▸ YOUR ASSIGNMENT:
What you give back from the listing below should be an exact copy of the lines from the one with "联合主办、广东省化工学会高校" down to the one with "Musta ripustettava koristetähti, jossa", and it should contain no pictures.

*** Opening RAW DATA ***

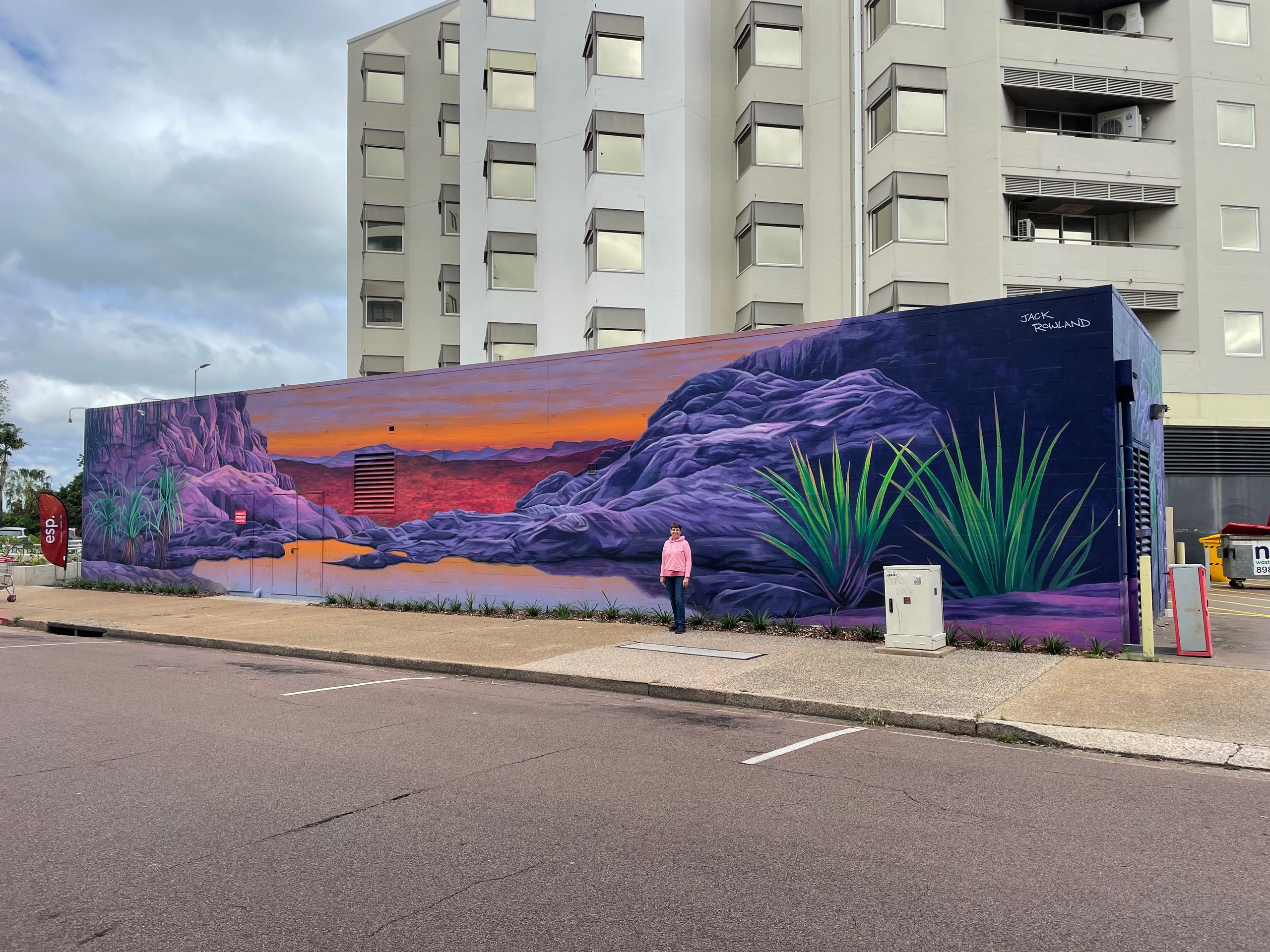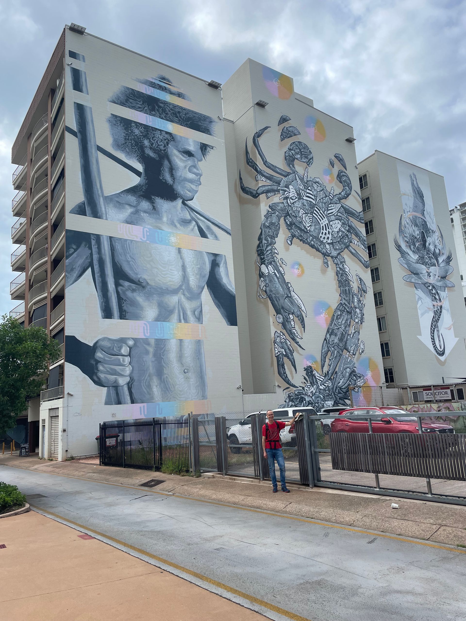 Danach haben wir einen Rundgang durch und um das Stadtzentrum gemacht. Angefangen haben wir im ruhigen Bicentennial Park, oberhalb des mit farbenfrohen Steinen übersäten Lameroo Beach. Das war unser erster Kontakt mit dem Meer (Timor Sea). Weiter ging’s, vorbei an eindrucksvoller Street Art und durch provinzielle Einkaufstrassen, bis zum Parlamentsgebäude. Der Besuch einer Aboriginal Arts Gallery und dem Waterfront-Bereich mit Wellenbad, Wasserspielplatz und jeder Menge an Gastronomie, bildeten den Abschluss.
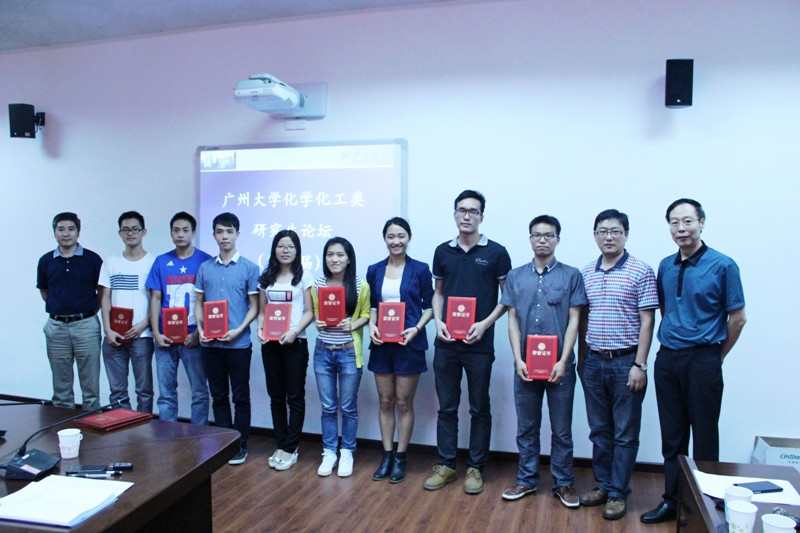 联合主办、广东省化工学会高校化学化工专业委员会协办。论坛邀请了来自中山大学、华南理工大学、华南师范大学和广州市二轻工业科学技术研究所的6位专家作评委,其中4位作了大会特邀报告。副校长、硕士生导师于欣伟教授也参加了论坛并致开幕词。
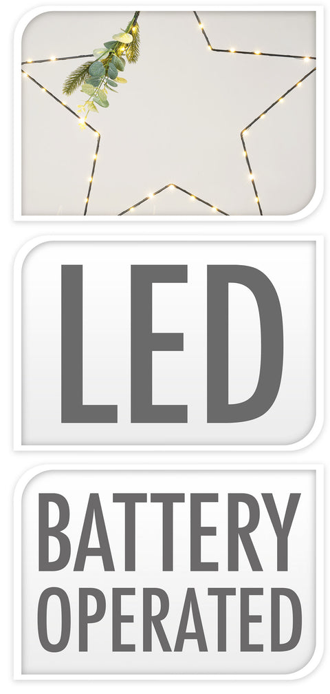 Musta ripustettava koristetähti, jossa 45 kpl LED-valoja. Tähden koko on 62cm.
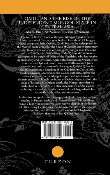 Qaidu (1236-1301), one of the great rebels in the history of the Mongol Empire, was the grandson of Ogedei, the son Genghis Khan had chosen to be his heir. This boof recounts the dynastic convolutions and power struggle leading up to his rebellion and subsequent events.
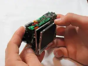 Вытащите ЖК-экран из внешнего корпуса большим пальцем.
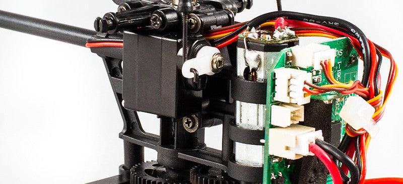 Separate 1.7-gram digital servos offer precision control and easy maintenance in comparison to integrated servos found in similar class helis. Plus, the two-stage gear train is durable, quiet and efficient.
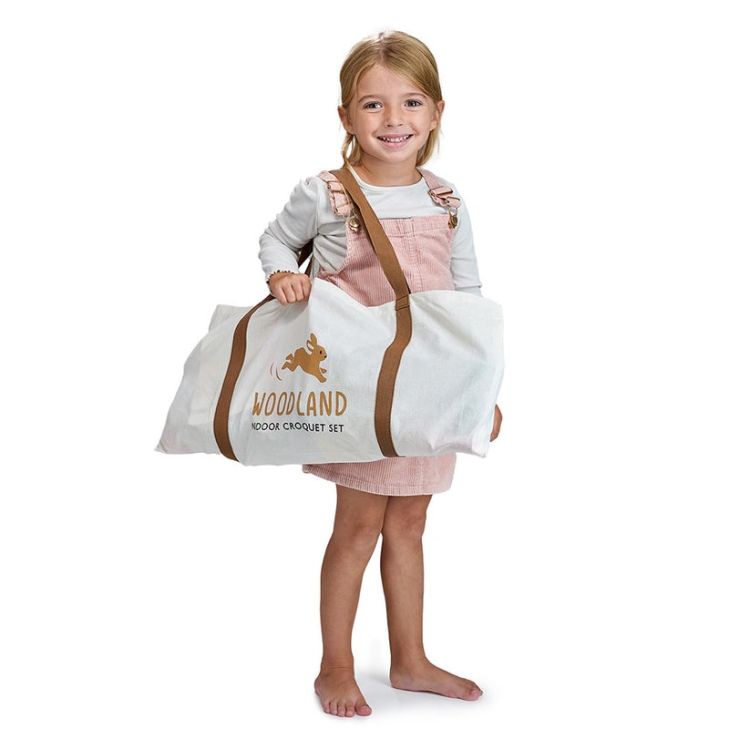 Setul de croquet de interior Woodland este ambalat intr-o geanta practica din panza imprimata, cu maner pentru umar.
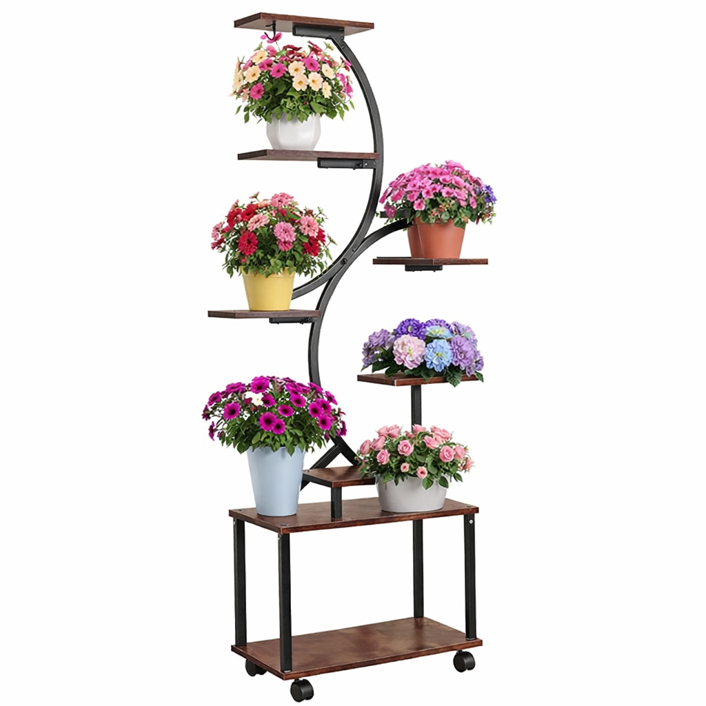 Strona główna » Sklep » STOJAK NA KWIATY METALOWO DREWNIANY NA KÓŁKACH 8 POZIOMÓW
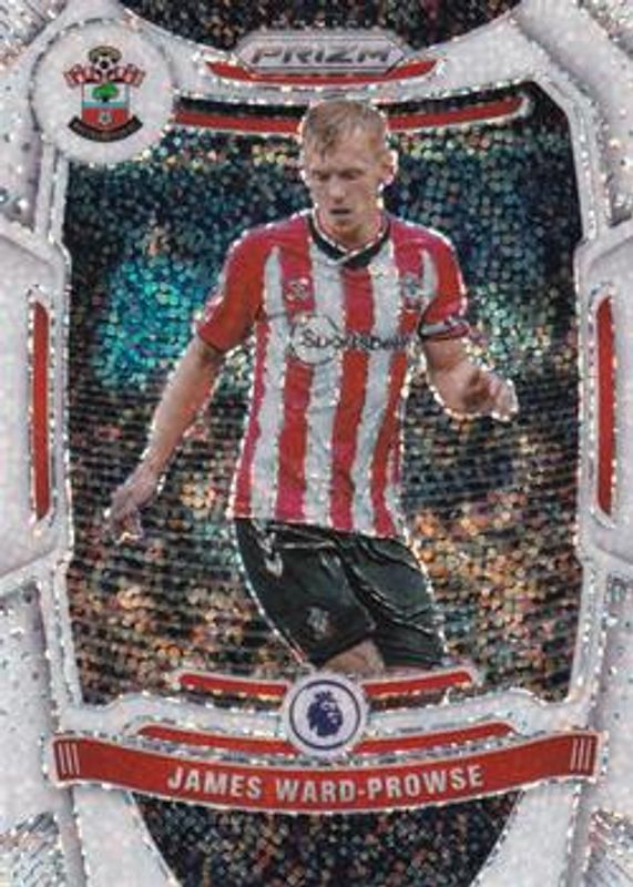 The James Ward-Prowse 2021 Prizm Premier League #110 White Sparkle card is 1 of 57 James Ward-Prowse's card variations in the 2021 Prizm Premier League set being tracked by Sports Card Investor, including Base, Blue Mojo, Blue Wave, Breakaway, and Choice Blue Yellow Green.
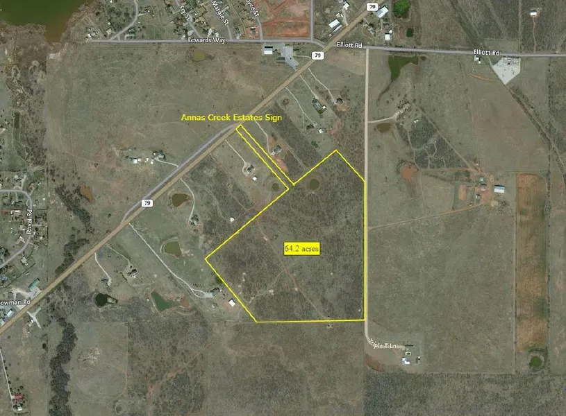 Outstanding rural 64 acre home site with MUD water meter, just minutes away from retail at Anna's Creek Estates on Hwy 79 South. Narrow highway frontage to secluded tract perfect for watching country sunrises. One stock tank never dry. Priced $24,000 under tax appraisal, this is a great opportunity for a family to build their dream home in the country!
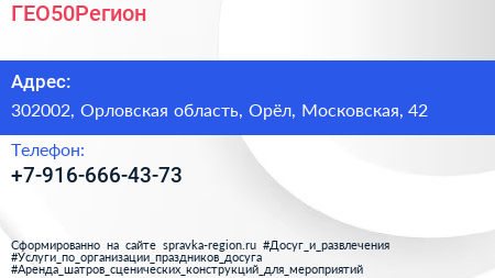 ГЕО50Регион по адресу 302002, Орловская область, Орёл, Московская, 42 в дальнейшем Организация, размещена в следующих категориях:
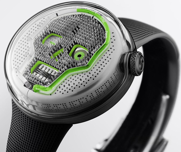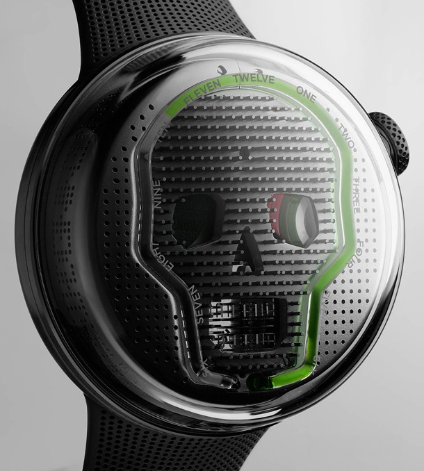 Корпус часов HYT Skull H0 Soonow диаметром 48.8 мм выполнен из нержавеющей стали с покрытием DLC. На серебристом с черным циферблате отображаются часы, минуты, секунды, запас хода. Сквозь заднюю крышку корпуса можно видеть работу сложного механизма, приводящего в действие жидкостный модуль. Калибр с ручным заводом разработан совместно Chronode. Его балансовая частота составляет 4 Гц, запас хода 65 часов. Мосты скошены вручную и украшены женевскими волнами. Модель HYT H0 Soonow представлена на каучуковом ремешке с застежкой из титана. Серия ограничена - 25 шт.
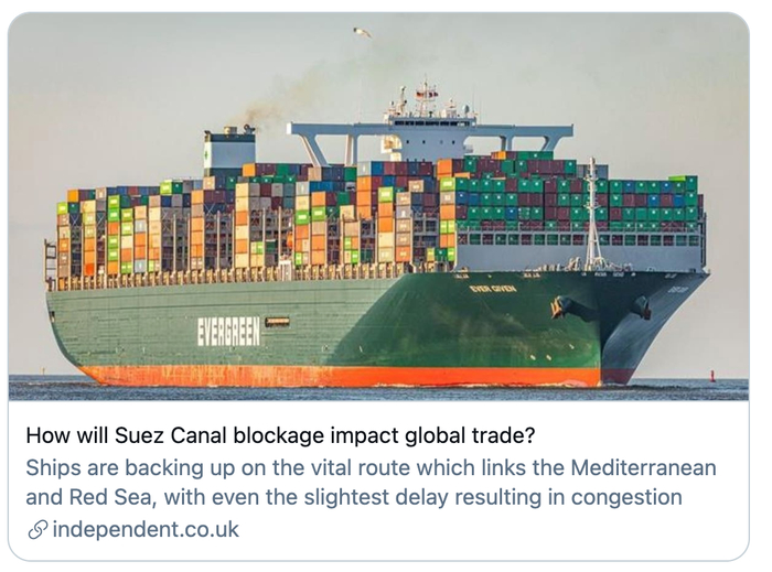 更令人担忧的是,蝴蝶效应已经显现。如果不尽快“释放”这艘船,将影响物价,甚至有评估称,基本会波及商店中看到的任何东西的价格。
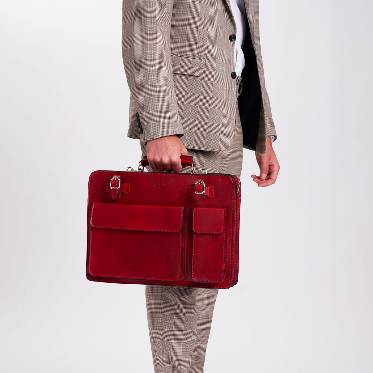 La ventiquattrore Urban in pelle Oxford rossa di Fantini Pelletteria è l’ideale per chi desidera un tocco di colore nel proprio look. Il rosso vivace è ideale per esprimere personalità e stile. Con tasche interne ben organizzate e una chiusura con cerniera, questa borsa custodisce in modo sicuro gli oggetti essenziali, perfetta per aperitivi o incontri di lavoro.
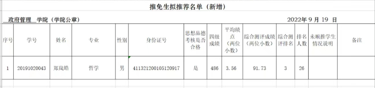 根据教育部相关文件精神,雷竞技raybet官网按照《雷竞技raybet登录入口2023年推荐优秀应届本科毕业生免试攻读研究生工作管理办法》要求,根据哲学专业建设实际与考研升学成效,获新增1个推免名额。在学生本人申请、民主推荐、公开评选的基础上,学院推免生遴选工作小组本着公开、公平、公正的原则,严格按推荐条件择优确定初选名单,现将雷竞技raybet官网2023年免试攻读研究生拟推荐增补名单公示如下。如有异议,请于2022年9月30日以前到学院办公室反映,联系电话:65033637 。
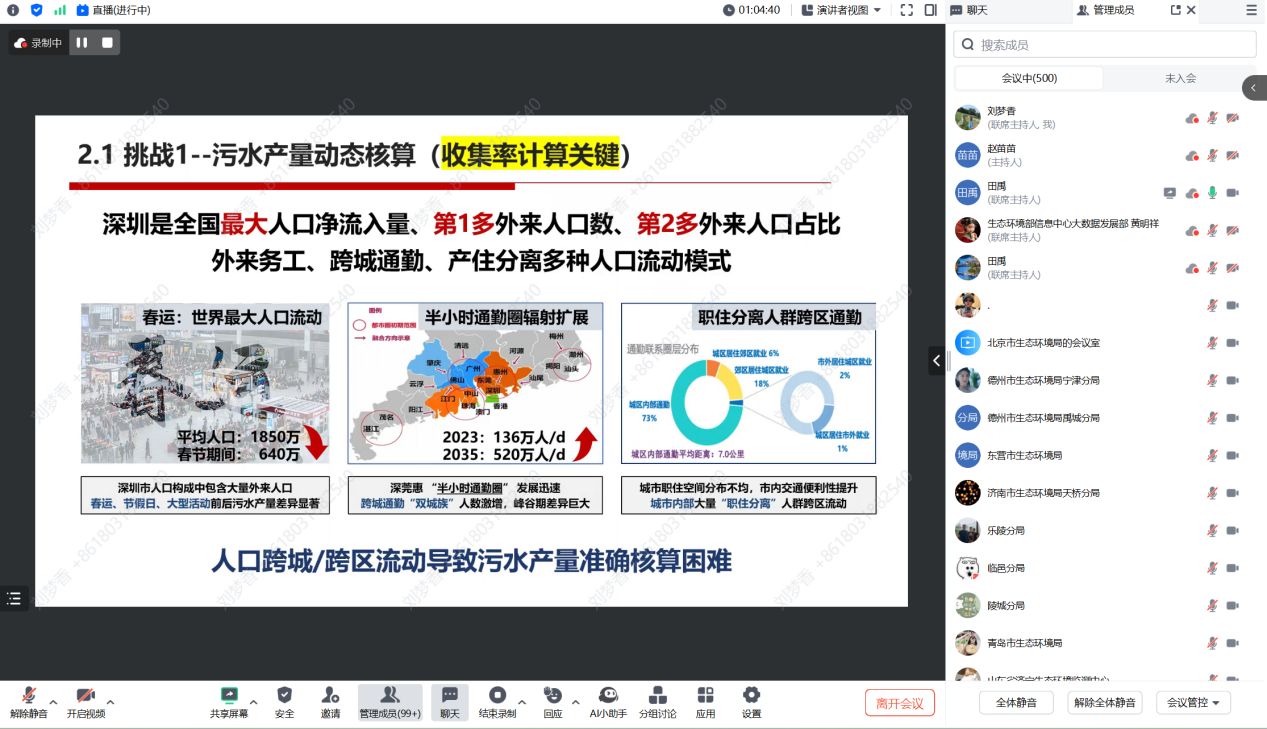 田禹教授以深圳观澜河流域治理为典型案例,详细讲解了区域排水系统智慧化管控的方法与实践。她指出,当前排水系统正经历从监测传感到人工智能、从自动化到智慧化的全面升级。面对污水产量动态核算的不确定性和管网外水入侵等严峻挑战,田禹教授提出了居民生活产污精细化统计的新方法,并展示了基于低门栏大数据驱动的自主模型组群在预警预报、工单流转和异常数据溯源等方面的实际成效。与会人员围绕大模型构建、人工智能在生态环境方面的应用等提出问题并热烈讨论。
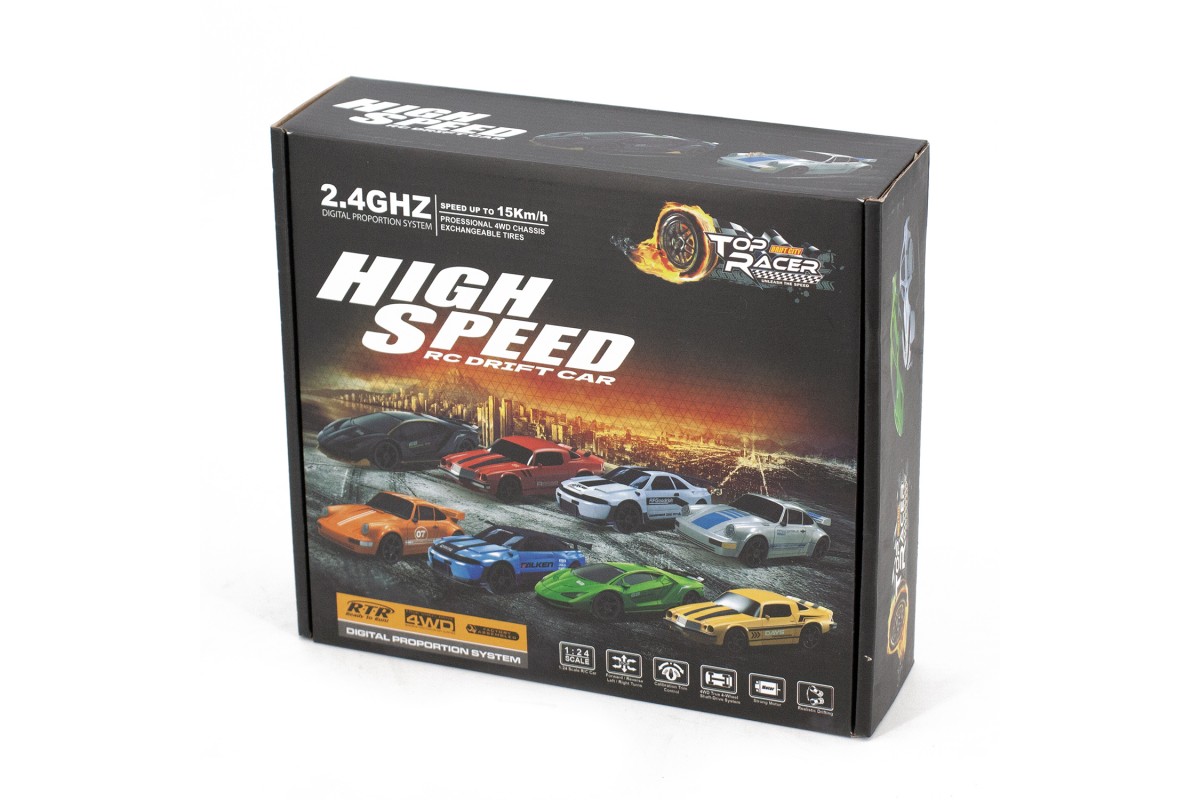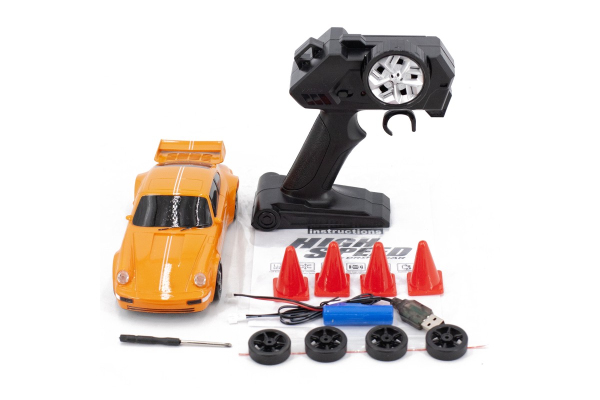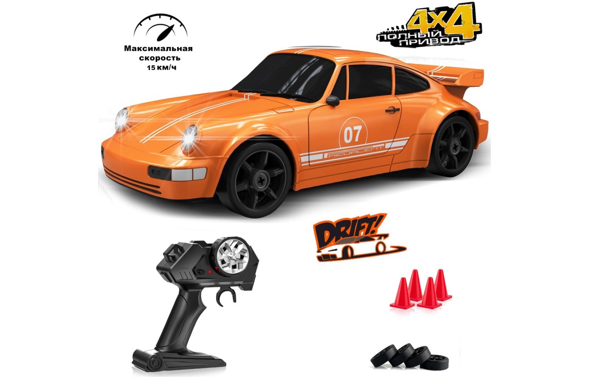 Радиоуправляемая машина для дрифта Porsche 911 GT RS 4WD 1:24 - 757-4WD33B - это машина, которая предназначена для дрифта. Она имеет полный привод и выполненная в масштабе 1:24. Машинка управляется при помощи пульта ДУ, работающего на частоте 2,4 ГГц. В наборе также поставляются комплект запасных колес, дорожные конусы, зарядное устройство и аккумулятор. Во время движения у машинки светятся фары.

*** Closing RAW DATA ***

▸ ANSWER BELOW:
 联合主办、广东省化工学会高校化学化工专业委员会协办。论坛邀请了来自中山大学、华南理工大学、华南师范大学和广州市二轻工业科学技术研究所的6位专家作评委,其中4位作了大会特邀报告。副校长、硕士生导师于欣伟教授也参加了论坛并致开幕词。
 Musta ripustettava koristetähti, jossa 45 kpl LED-valoja. Tähden koko on 62cm.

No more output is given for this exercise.